Data below ::
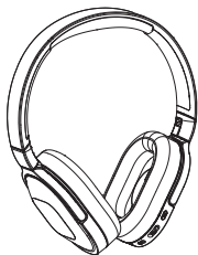
Cuffie Bluetooth Philips TAH6506
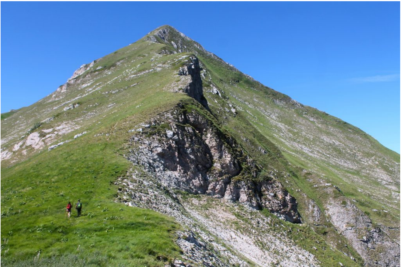
3- La cresta Est del Monte Acuto.
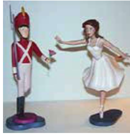
Görsel 16: Disney, Fantasia serisi, Kurşun Asker, 2000
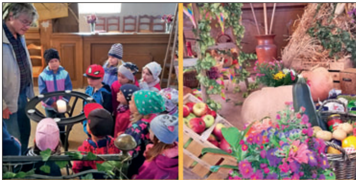
Erntedankfest in der Kirche in Rüsseina

About this task ::
After removing the pictures, transcribe the listing above exactly.

Expected answer ::
Cuffie Bluetooth Philips TAH6506
3- La cresta Est del Monte Acuto.
Görsel 16: Disney, Fantasia serisi, Kurşun Asker, 2000
Erntedankfest in der Kirche in Rüsseina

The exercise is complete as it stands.